The “festival” I organised in July to mark the launch of what became a self-published book had a similar effect, though on my ego more so than any creative spark. The organising imperative, and the fear of failure and the embarrassment failure would trail in its wake, provided me with motivation. It got me out of the house, forced me to go and meet friends and contacts, to be sociable. It was exhausting, and it was uncomfortable, but it was, for a time, invigorating. It felt like I was trying on someone else’s clothes, someone with friends, someone who knew what he was doing, someone who had found something he might actually be good at.

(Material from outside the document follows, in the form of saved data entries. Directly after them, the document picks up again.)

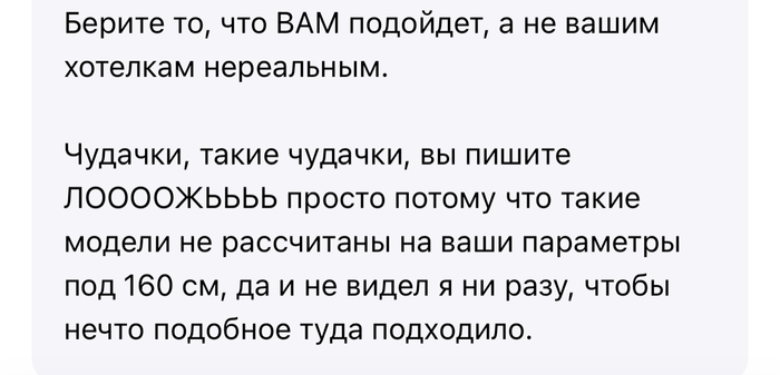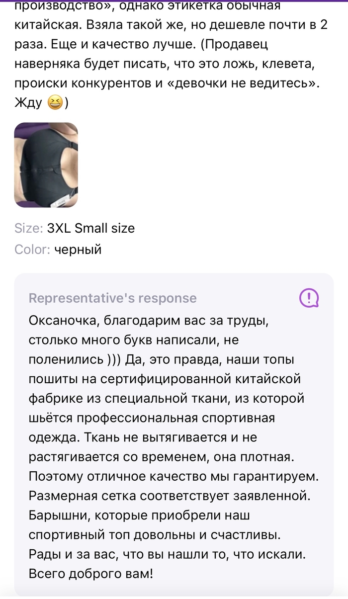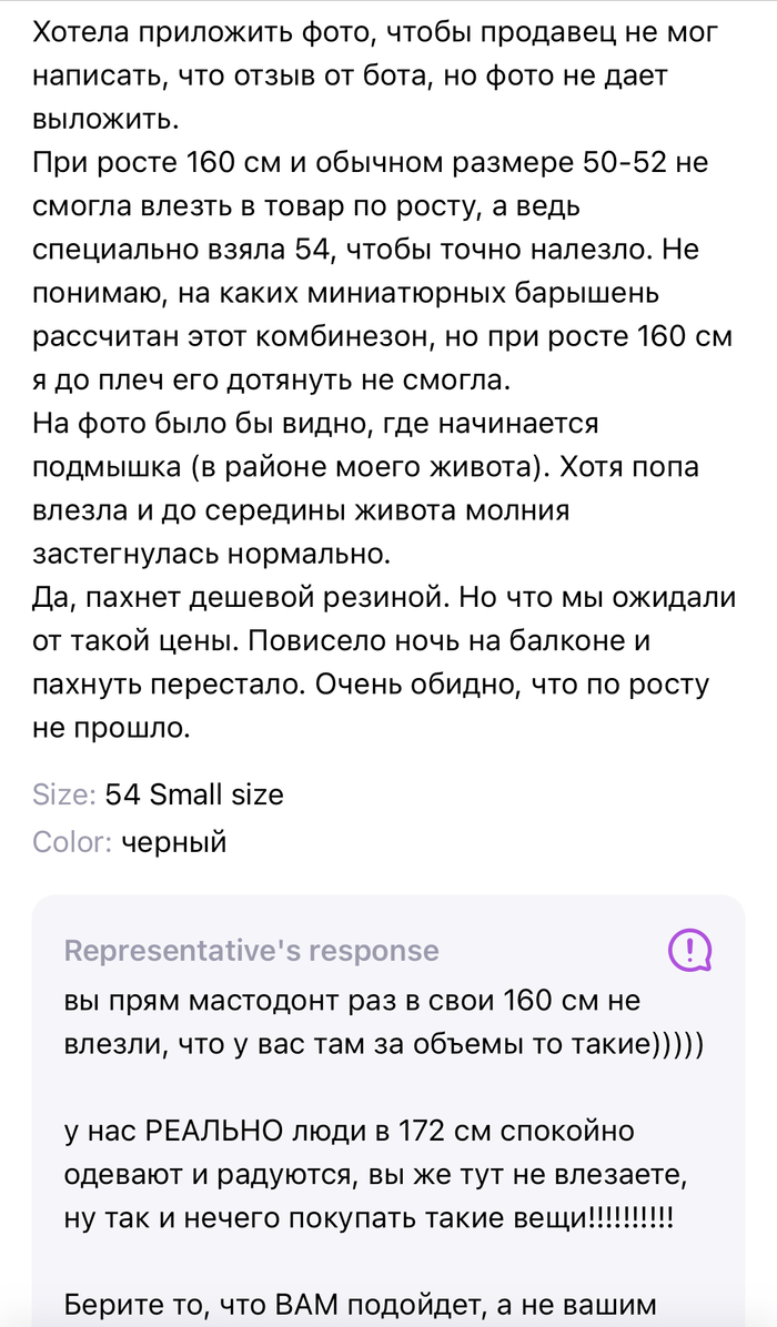 Неужели они считают, что, прочитав ответ на отзыв типа «девочки не ведитесь, это боты, лохи и происки конкурентов пытаются впихнуть свою жирную жопу в наш прекрасный костюм», покупатели такие «о супер! Я не бот, не лох, и жопа не жирная, значит беру, спасибо продавцу, открыл глаза»? У меня такие ответы продавцов только отбивают желание приносить им прибыль. Ты покупаешь какую-то фигню у китайцев за 100 рублей, продаешь за 1000, да радуйся, чего на говно исходиться?
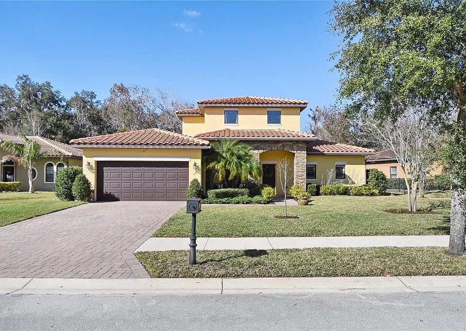 Step into luxury living with this magnificent Mediterranean-style home built in 2013, nestled within the beautiful gated community of Riviera Bella. Situated on an expansive lot teeming with wildlife and a captivating wooded area that gently backs up to the tranquil St. Johns River, this residence is a haven of natural beauty and modern elegance. This two-story gem features 3 bedrooms, 2 full bathrooms, and 1 half bath, providing the perfect balance of space and comfort. The master suite on the first floor is a true sanctuary, boasting a garden tub, a separate large shower stall, double sinks, and a walk-in closet. The tray ceiling in the master suite adds a touch of sophistication to this private retreat. The first level welcomes you with an open floorplan and wonderful architectural detail creating a seamless and stylish flow throughout. Plantation shutters adorn the windows, allowing you to control the natural light and to bask in the beauty of the surroundings while maintaining privacy. The heart of this home is undoubtedly the chef-inspired kitchen, boasting granite countertops, a natural gas stove, and stainless steel appliances, including a refrigerator and dishwasher (recently updated) and a built-in microwave (recently updated). The kitchen opens into a stylish dining room, an ideal space for both intimate dinners and festive gatherings. Venturing upstairs, you'll find a cozy loft area with carpeting throughout and in the additional bedrooms, offering a retreat for relaxation or play. Step outside into your private paradise – an inviting swimming pool with screened lanai. A perfect oasis for entertaining or enjoying peaceful moments under the warm Florida sun. The brick paver driveway and tile roof enhance the exterior aesthetics, showcasing the quality and attention to detail that defines this home. Living in Riviera Bella not only provides access to the St. Johns River from the waterfront park and boat ramp but also offers exclusive amenities at the neighborhood clubhouse. Enjoy a beach-entry pool, fitness center and media room – creating a lifestyle that seamlessly blends luxury, recreation, and natural beauty. Don't miss the chance to call this Mediterranean retreat your home. Schedule a showing today and experience the unparalleled beauty and sophistication of life in Riviera Bella. No worries about power outages, this home has a Generac Generator connected to natural gas that will power the whole house.
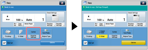If you register [2-Sided] + [2 on 1] in Favorite Settings, the screen is displayed as shown below.
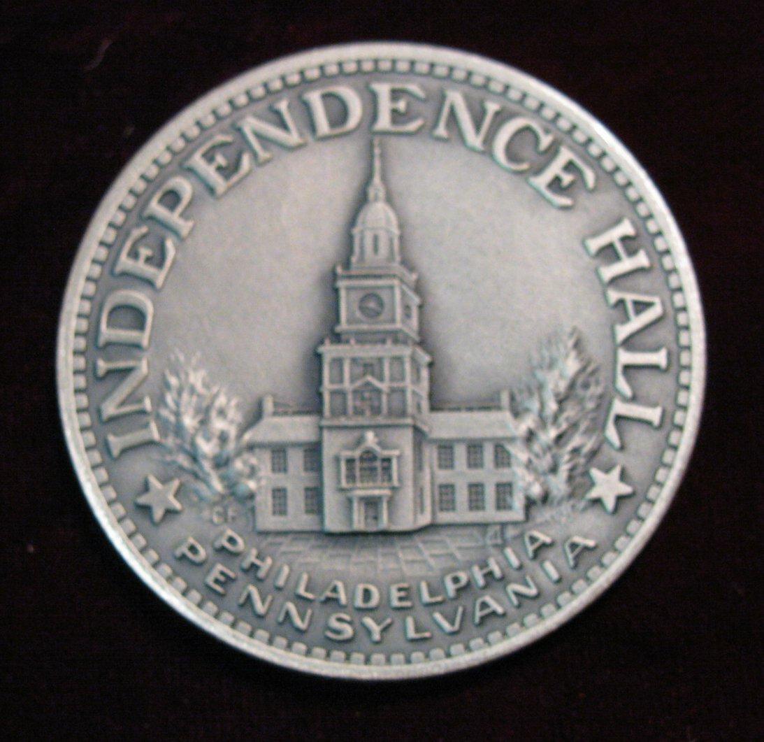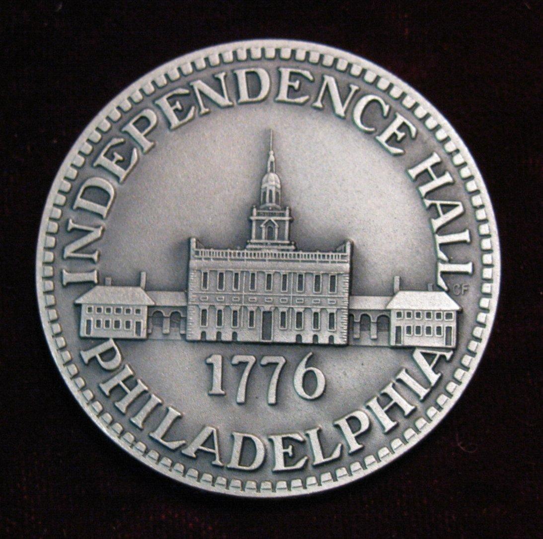 329. "Independence Hall/1776/Philadelphia", "Independence Hall/Philadelphia/Pennsylvania" Contains 1.1840 ozs. .999 Fine Silver. First Edition American Mint Association. Matte finish. 39mm.
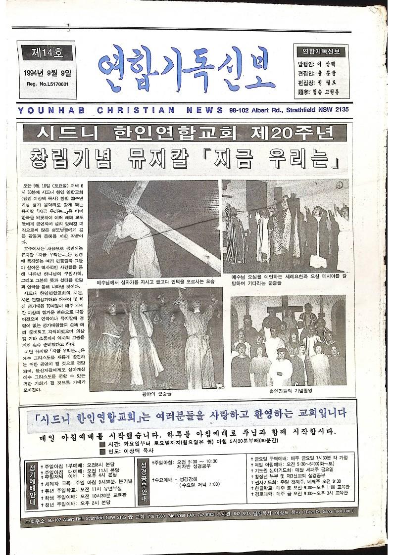 호주에서 1994년 9월 9일 발간된 연합기독신보 Younhab Christian News 제 14 호이다 시드니 한인연합교회 제 20주년 창립기념 뮤지컬 <지금 우리는> / 교민2세의 가치관 교육 / 하나님의 영광을 드러내는 신앙 / 연합교회의 전신인 스트라스필드 회중교회의 역사 / 선교통신 - 헝가리 등의 기사를 싣고 있다
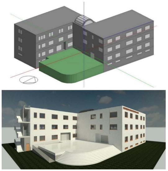 All told, the total end uses for the electric systems, including heating, cooling, interior equipment, interior lighting, fans and water systems is about 127,296 kWhel/year (260,853 kWhPRIMARY/y, 123.5 kWhp/m2y). Obviously, the energy demand of the building depends not only on the electric systems, but also on the thermo-physical features of the thermal envelope. Specifically, two different typologies of opaque envelope characterize the building. In detail, the partially buried floor has a thermo-concrete external wall with a thermal transmittance (U-value) of 0.51 W/m2K, while the walls above the ground have two hollow brick layers with an intermediate air gap, and a calculated U-value of 0.66 W/m2K. Moreover, the basement slab on the aerated crawl space and the building roof have respectively U-values of 0.40 W/m2K and 0.37 W/m2K. The transparent building envelope is characterized by double glazing windows with aluminum frames (equipped with a thermal break technology) and thus an overall UW equal to = 3.67 W/m2K. Some indoor spaces have solar shadings. The energy performance investigations of the present building, and the impact analysis of the applied energy efficiency measures (EEMs, in the following lines) were realized through dynamic simulation studies, by using the well-known software EnergyPlus [], by defining the model geometry through DesignBuilder [] (Figure 2).

Financially the festival was a failure, but I expected that. Professionally it was a middling achievement, but personally it did feel like a minor triumph. I promised myself some well-earned rest in August with a commitment to get back to writing for the blog after the rentrée in September. But it’s the first week of October and still, nothing. I have never experienced writing as something easy or ecstatic, but there’s been even more sturm und drang lately than there has been satisfaction.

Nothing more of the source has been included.